# Available records
○ ○ ○ ○ ○

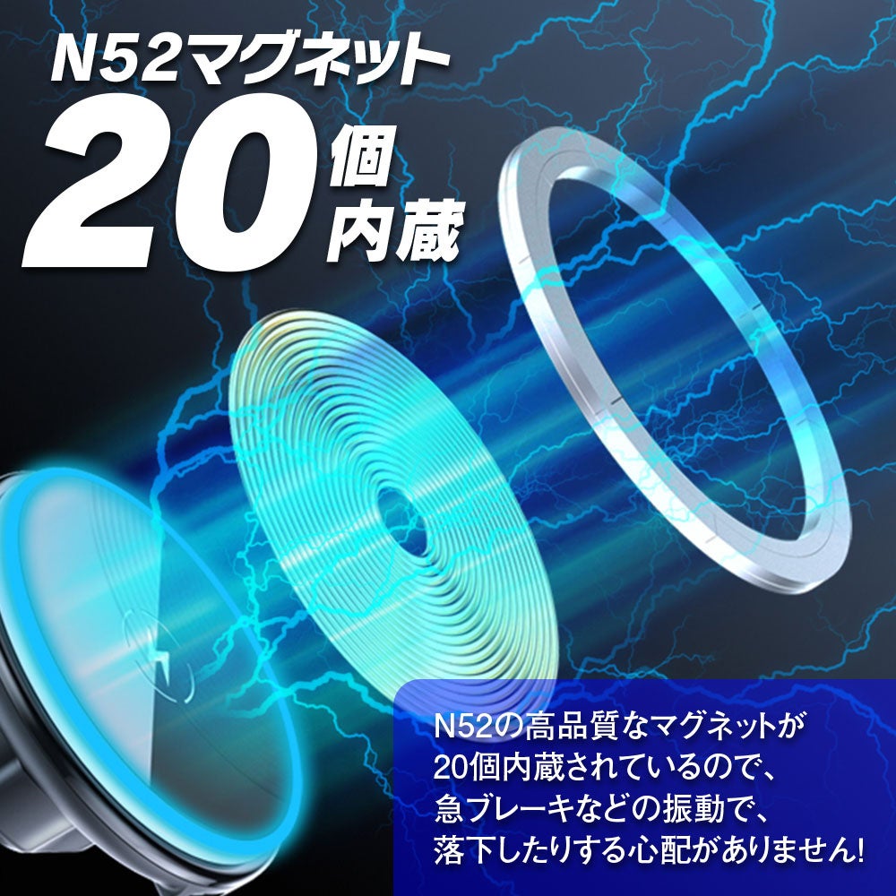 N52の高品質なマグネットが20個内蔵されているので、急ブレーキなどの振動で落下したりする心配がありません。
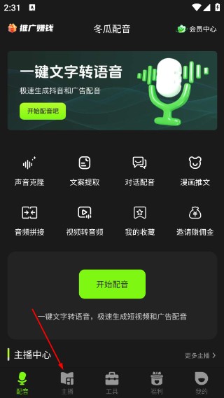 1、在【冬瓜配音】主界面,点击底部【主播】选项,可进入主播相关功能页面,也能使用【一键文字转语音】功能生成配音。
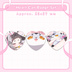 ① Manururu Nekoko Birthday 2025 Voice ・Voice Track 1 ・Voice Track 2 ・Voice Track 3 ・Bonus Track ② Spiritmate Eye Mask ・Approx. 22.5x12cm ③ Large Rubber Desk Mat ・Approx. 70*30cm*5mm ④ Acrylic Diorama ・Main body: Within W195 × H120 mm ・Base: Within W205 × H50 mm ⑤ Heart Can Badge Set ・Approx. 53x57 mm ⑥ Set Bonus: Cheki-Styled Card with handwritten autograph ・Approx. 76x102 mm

○ ○ ○ ○ ○

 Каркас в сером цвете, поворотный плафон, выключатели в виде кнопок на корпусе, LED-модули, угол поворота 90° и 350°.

○ ○ ○ ○ ○

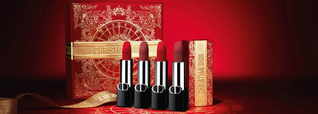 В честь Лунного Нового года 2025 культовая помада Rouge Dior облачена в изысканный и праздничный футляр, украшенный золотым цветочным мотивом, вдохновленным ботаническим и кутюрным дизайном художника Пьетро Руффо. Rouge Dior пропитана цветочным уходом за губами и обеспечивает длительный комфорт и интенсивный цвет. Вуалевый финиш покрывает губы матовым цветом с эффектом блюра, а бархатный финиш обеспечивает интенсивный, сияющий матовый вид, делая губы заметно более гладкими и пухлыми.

○ ○ ○ ○ ○

# What you should do
Set the pictures aside and transcribe exactly the stretch of lines above, beginning with the one holding "N52の高品質なマグネットが" and ending with the one holding "① Manururu Nekoko".

# Response area
 N52の高品質なマグネットが20個内蔵されているので、急ブレーキなどの振動で落下したりする心配がありません。
 1、在【冬瓜配音】主界面,点击底部【主播】选项,可进入主播相关功能页面,也能使用【一键文字转语音】功能生成配音。
 ① Manururu Nekoko Birthday 2025 Voice ・Voice Track 1 ・Voice Track 2 ・Voice Track 3 ・Bonus Track ② Spiritmate Eye Mask ・Approx. 22.5x12cm ③ Large Rubber Desk Mat ・Approx. 70*30cm*5mm ④ Acrylic Diorama ・Main body: Within W195 × H120 mm ・Base: Within W205 × H50 mm ⑤ Heart Can Badge Set ・Approx. 53x57 mm ⑥ Set Bonus: Cheki-Styled Card with handwritten autograph ・Approx. 76x102 mm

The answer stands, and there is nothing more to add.